TASK BRIEF: With the pictures removed, retype the lines from the one holding "INTO THE AM" through the end of the records, exactly as written.
[Start of Attachment]
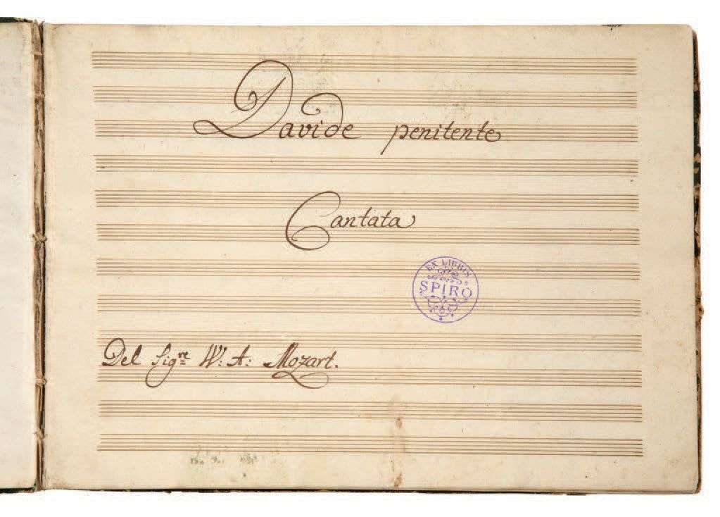 La cantate ou oratorio Davidde penitente K.469, où Mozart a réutilisé en partie la musique de sa Messe solennelle en ut mineur K.427/417a, a été créée à Vienne le 13 mars 1785. Il n'en existe pas de manuscrit autographe complet. Cette rare copie, proche de celle de l'Österreichische Nationalbibliothek de Vienne, en lien avec la première audition, est d'autant plus précieuse que l'œuvre n'a été éditée qu'en 1882. Cette copie de la partition d'orchestre est bien complète des dix numéros de l'œuvre.
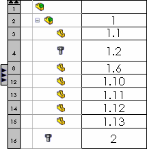 Разъединение элементов в спецификации позволяет удалять отдельные родительские компоненты внутри структурированной иерархии, сохраняя при этом дочерние компоненты. Нажмите правой кнопкой мыши ячейки в столбце спецификации «Структура сборки», чтобы разъединить выбранные узлы сборки или сварные детали, делая их невидимыми в спецификации.
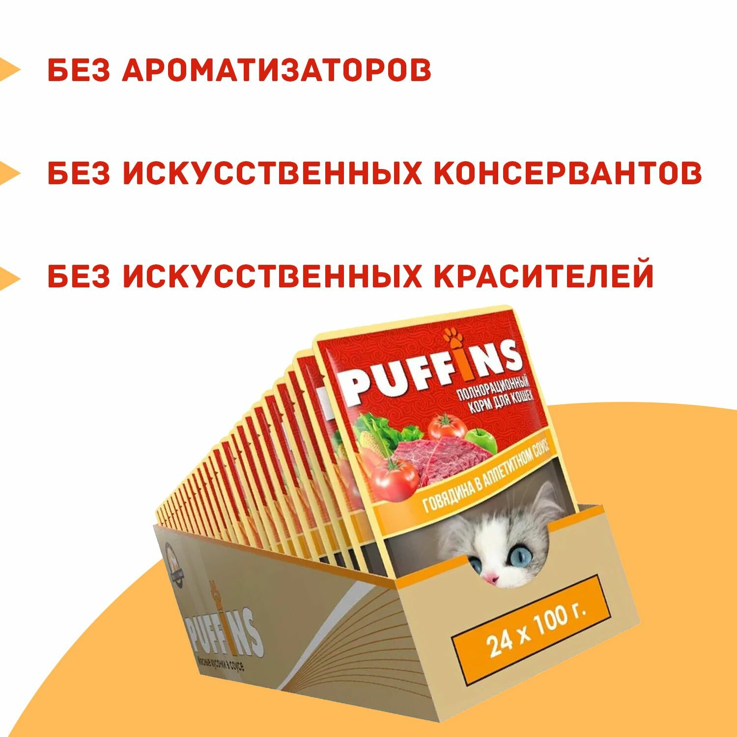PUFFINS для взрослых кошек с говядиной в аппетитном соусе (100 гр х 24 шт)
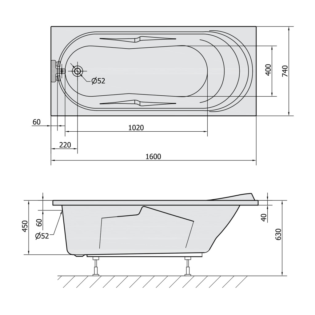 Kád, POLYSAN ADRIANA kád 160x74x45 : 43111 Sapho
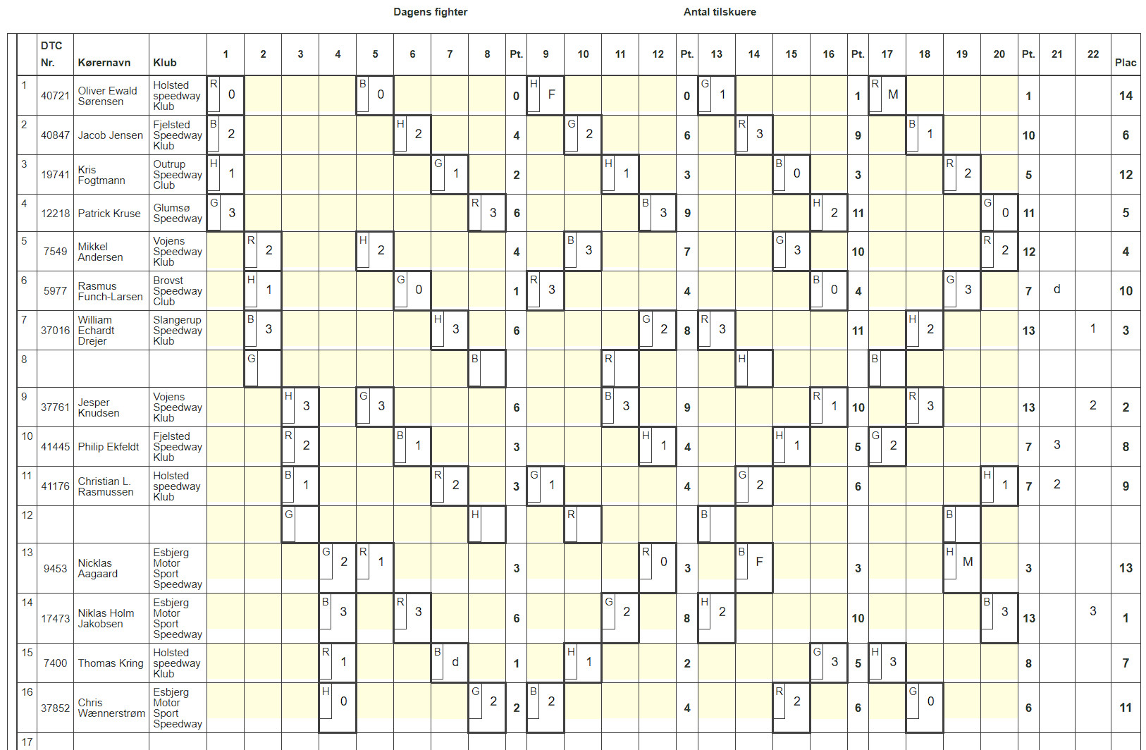- 2 Jesper Knudsen Vojens 13p +2
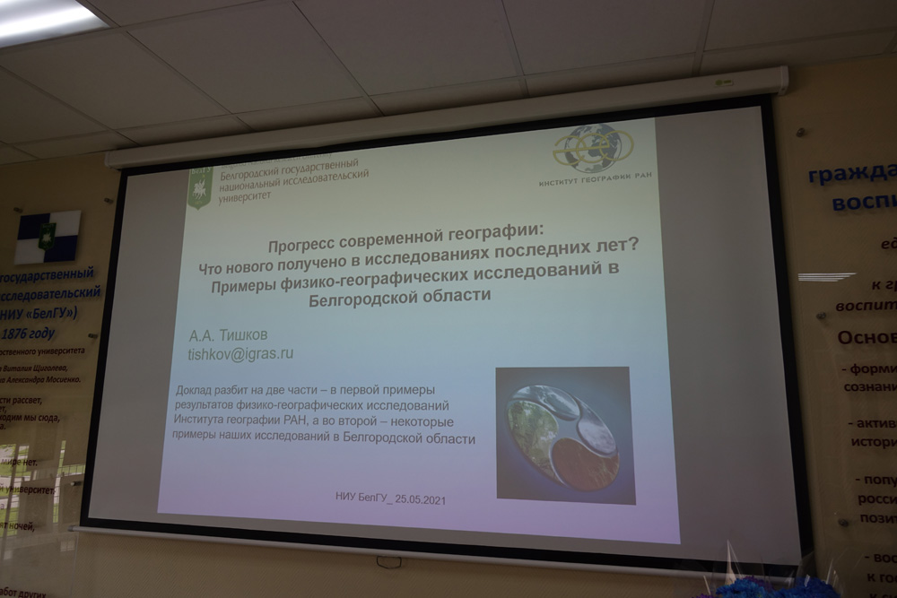 В институте наук о Земле состоялся научный семинар с участием члена-корреспондента РАН, доктора географических наук, заместителя директора по научным вопросам Института географии РАН Аркадия Тишкова. На примере исследований последних лет института географии РАН на просторах Северной Евразии, в том числе и в Белгородской области, он показал успехи отдельных направлений физической географии – биогеографии, гидрологии, палеогеографии и ландшафтоведения.
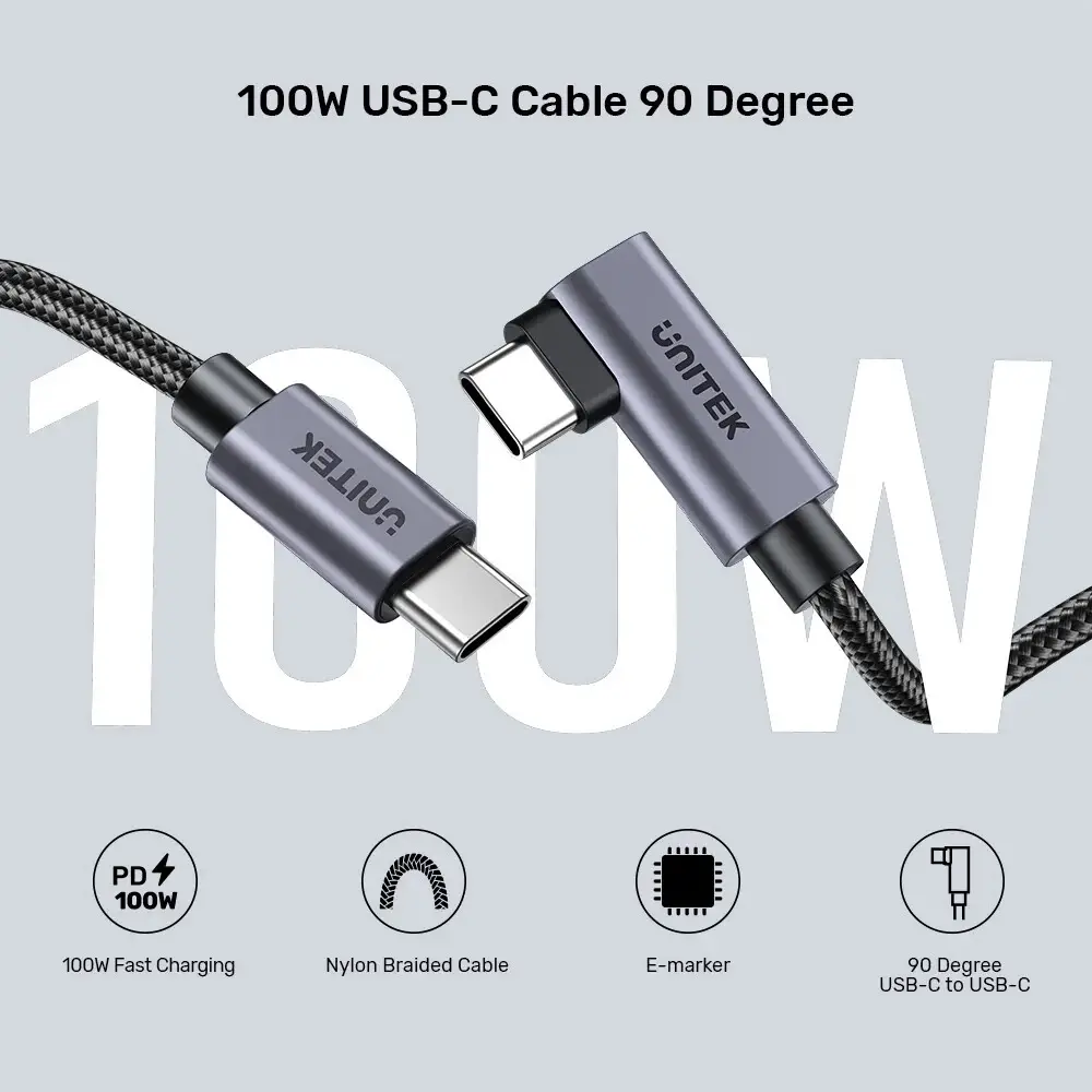 UNITEK TYPE-C HIZLI ŞARJ 90D 2MT 100W(C14123BK-2M)
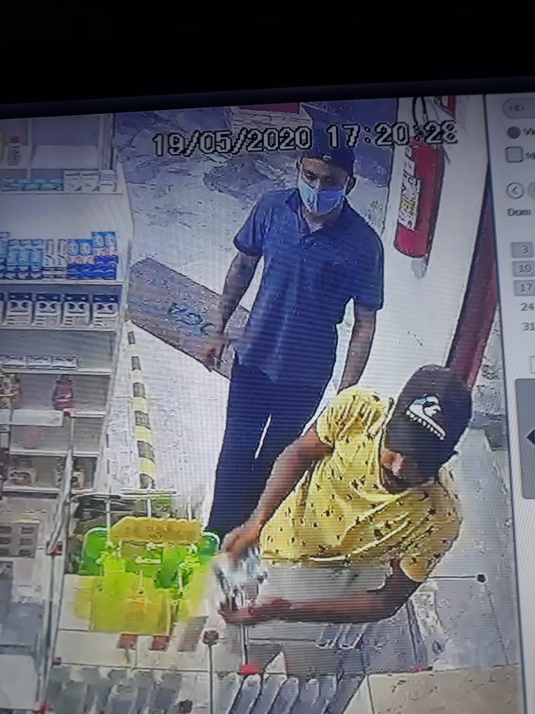 O último roubo feito por Edmilson ocorreu em uma farmácia do bairro Industrial. Ele e um comparsa foram flagrados pelas câmeras de segurança anunciando o assalto a funcionária do caixa. O comparsa que aparece nas imagens já foi identificado, porém não foi localizado e continua foragido. Quem tiver informações sobre o paradeiro do suspeito pode ligar para o Disque-Denúncia 181. O sigilo do comunicante é garantido.
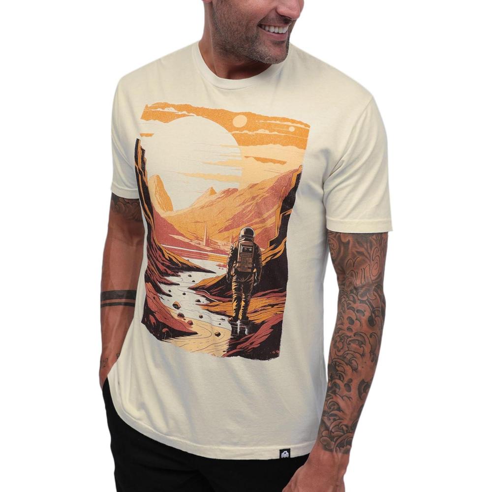INTO THE AM Graphic Tees for Men S – 4XL Premium Short Sleeve Colorful T-Shirts Trippy Space Designs(Mars Meadow Vintage)
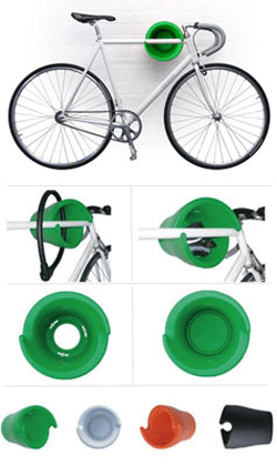 The Cycloc was originally designed for domestic indoor environments where floor space is limited. The design is a variation of the wall hook storage solutions that are widely available. Cycloc's unique shape, combined with your bike's own weight, holds the bike in place. A hole through the middle allows you to fit a bike lock to secure the frame. After securing to the wall a matching insert panel neatly conceals the fixings. Slotted mounting holes allow Cycloc to rotate to suit the angle of the top tube accommodating a range of frame shapes and sizes – so your bike is stored horizontally.
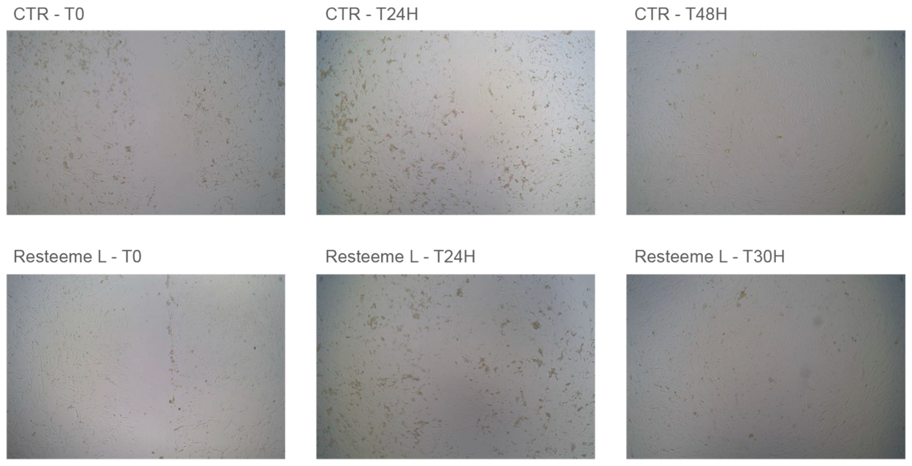 Table 3. Mean inter-edge distances (µm ± SD) and percentage change (Δ vs. T0) in control (CTR−) and Resteem L-treated cultures (0.25%, 0.1%, 0.05%). Values are presented as mean ± standard deviation derived from three separate experiments (n = 3).
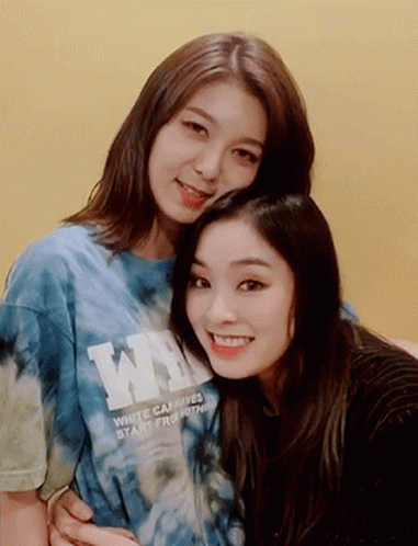 Dreamcatcher's Dami and Gahyeon share a cute and cozy hug, smiling happily for the camera.
[End of Attachment]
YOUR RESPONSE:
INTO THE AM Graphic Tees for Men S – 4XL Premium Short Sleeve Colorful T-Shirts Trippy Space Designs(Mars Meadow Vintage)
 The Cycloc was originally designed for domestic indoor environments where floor space is limited. The design is a variation of the wall hook storage solutions that are widely available. Cycloc's unique shape, combined with your bike's own weight, holds the bike in place. A hole through the middle allows you to fit a bike lock to secure the frame. After securing to the wall a matching insert panel neatly conceals the fixings. Slotted mounting holes allow Cycloc to rotate to suit the angle of the top tube accommodating a range of frame shapes and sizes – so your bike is stored horizontally.
 Table 3. Mean inter-edge distances (µm ± SD) and percentage change (Δ vs. T0) in control (CTR−) and Resteem L-treated cultures (0.25%, 0.1%, 0.05%). Values are presented as mean ± standard deviation derived from three separate experiments (n = 3).
 Dreamcatcher's Dami and Gahyeon share a cute and cozy hug, smiling happily for the camera.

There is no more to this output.